> Work order: In this exercise, return the whole listing exactly, excluding any images.
BEGIN Stored data
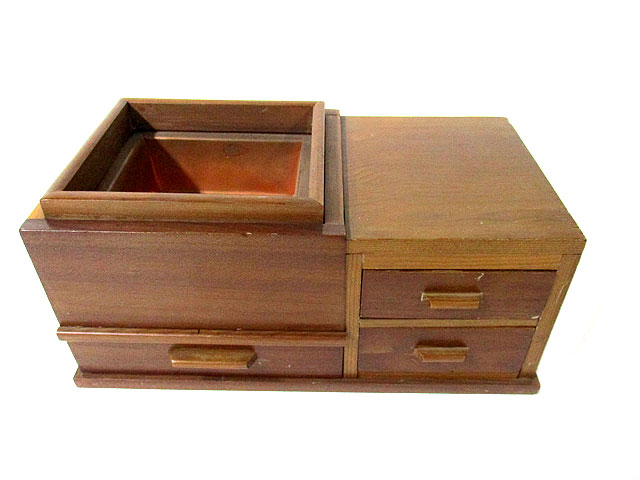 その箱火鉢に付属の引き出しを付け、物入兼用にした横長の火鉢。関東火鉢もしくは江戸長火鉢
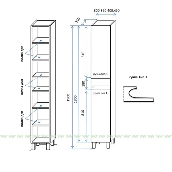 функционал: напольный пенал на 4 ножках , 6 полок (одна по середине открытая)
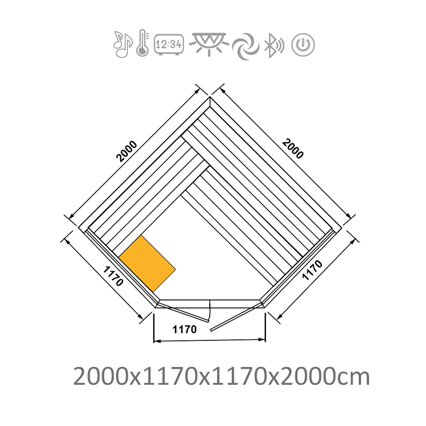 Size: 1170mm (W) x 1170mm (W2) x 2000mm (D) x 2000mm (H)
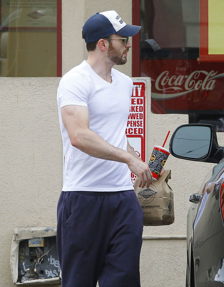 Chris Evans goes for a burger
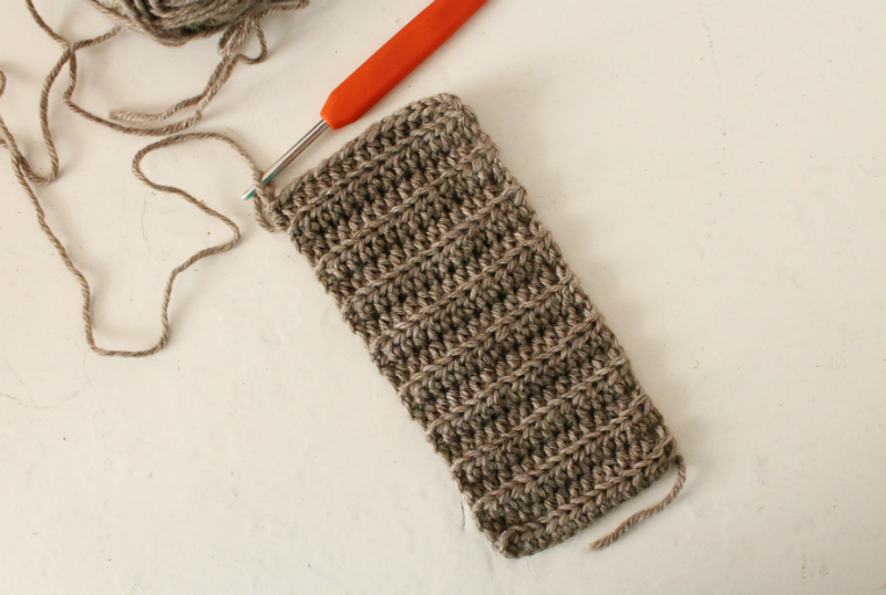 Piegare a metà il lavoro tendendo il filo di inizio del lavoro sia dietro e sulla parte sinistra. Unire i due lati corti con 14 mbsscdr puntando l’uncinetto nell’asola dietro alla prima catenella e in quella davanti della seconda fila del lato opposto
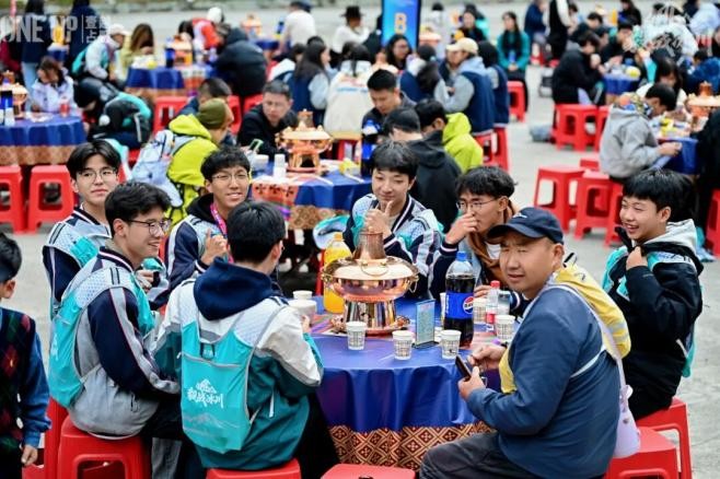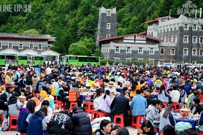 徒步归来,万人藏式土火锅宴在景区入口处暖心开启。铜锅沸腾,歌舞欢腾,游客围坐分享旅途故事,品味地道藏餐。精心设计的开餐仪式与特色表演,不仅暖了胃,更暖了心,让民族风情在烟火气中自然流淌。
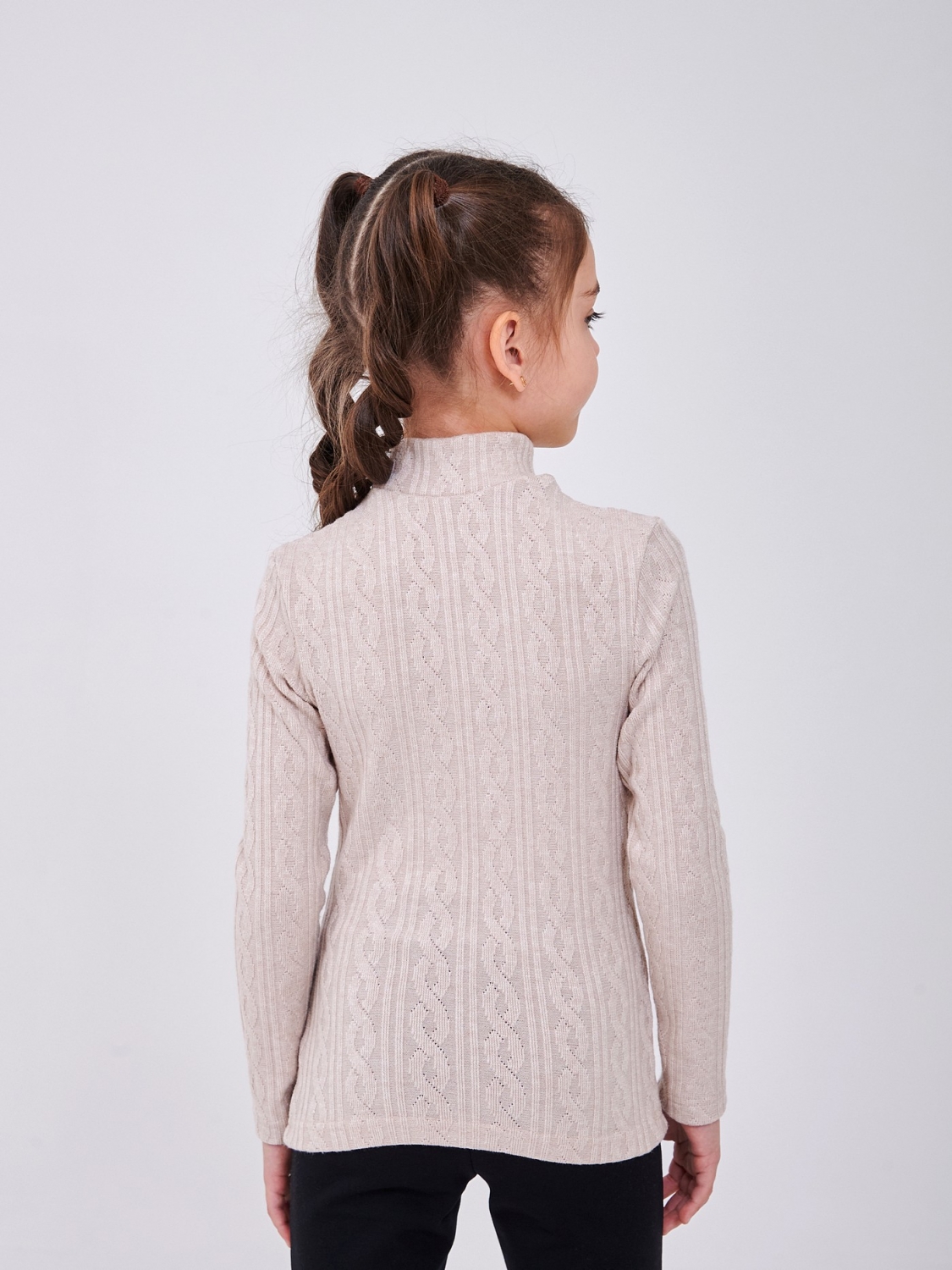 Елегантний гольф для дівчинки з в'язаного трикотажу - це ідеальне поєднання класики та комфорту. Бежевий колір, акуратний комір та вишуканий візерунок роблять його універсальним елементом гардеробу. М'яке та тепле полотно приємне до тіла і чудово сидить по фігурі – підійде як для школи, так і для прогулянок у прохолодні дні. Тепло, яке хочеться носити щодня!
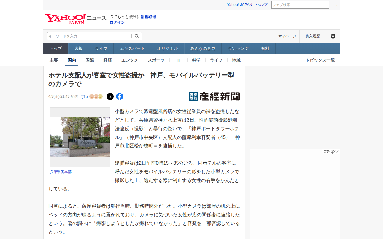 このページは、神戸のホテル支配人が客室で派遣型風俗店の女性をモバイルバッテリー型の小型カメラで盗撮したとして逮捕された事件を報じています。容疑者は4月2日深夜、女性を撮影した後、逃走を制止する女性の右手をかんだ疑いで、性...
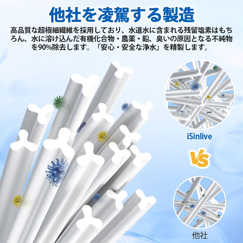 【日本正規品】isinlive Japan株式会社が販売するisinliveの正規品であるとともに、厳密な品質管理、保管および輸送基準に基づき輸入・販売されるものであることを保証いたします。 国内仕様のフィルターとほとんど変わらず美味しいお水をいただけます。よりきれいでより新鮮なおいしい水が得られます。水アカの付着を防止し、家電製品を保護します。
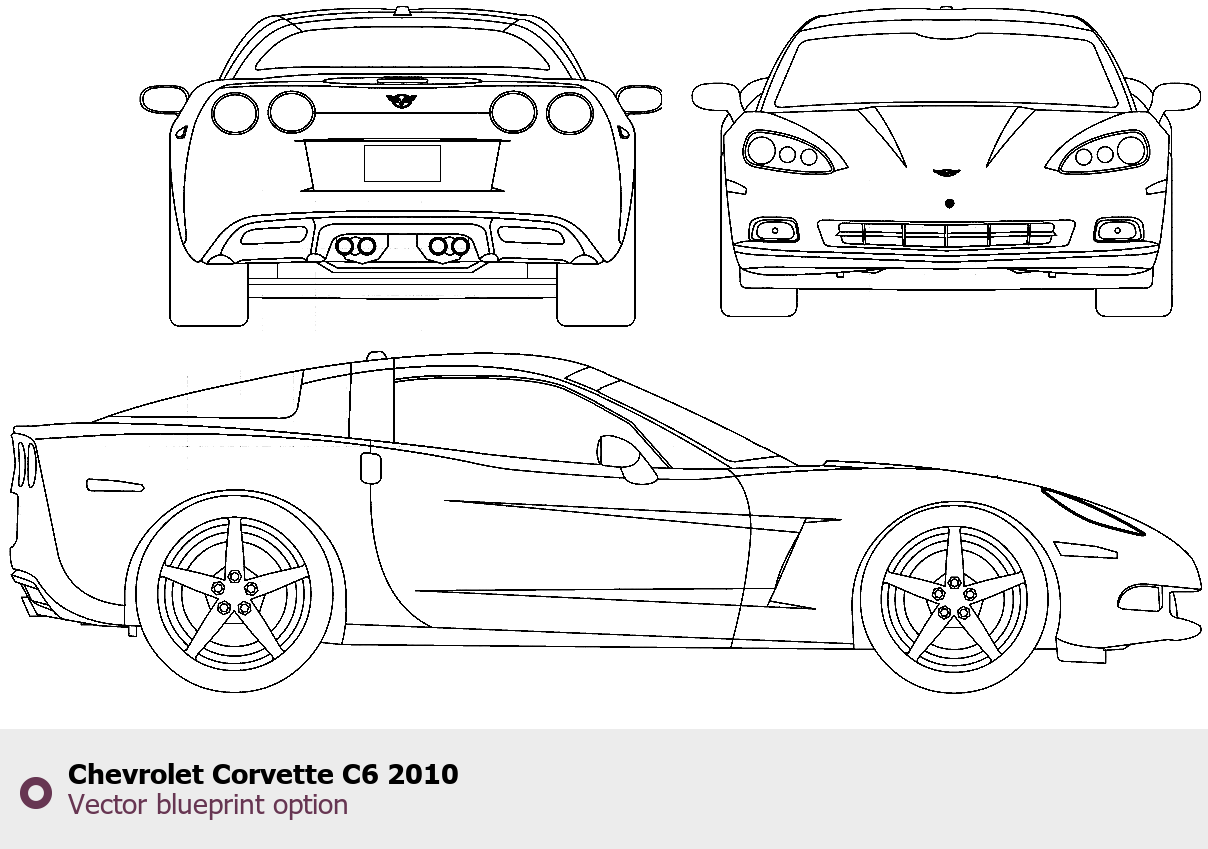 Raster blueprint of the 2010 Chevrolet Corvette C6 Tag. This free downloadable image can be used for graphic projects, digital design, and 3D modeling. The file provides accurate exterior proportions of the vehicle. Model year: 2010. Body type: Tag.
END Stored data
> Answer for the task:
 その箱火鉢に付属の引き出しを付け、物入兼用にした横長の火鉢。関東火鉢もしくは江戸長火鉢
 функционал: напольный пенал на 4 ножках , 6 полок (одна по середине открытая)
 Size: 1170mm (W) x 1170mm (W2) x 2000mm (D) x 2000mm (H)
 Chris Evans goes for a burger
 Piegare a metà il lavoro tendendo il filo di inizio del lavoro sia dietro e sulla parte sinistra. Unire i due lati corti con 14 mbsscdr puntando l’uncinetto nell’asola dietro alla prima catenella e in quella davanti della seconda fila del lato opposto
 徒步归来,万人藏式土火锅宴在景区入口处暖心开启。铜锅沸腾,歌舞欢腾,游客围坐分享旅途故事,品味地道藏餐。精心设计的开餐仪式与特色表演,不仅暖了胃,更暖了心,让民族风情在烟火气中自然流淌。
 Елегантний гольф для дівчинки з в'язаного трикотажу - це ідеальне поєднання класики та комфорту. Бежевий колір, акуратний комір та вишуканий візерунок роблять його універсальним елементом гардеробу. М'яке та тепле полотно приємне до тіла і чудово сидить по фігурі – підійде як для школи, так і для прогулянок у прохолодні дні. Тепло, яке хочеться носити щодня!
 このページは、神戸のホテル支配人が客室で派遣型風俗店の女性をモバイルバッテリー型の小型カメラで盗撮したとして逮捕された事件を報じています。容疑者は4月2日深夜、女性を撮影した後、逃走を制止する女性の右手をかんだ疑いで、性...
 【日本正規品】isinlive Japan株式会社が販売するisinliveの正規品であるとともに、厳密な品質管理、保管および輸送基準に基づき輸入・販売されるものであることを保証いたします。 国内仕様のフィルターとほとんど変わらず美味しいお水をいただけます。よりきれいでより新鮮なおいしい水が得られます。水アカの付着を防止し、家電製品を保護します。
 Raster blueprint of the 2010 Chevrolet Corvette C6 Tag. This free downloadable image can be used for graphic projects, digital design, and 3D modeling. The file provides accurate exterior proportions of the vehicle. Model year: 2010. Body type: Tag.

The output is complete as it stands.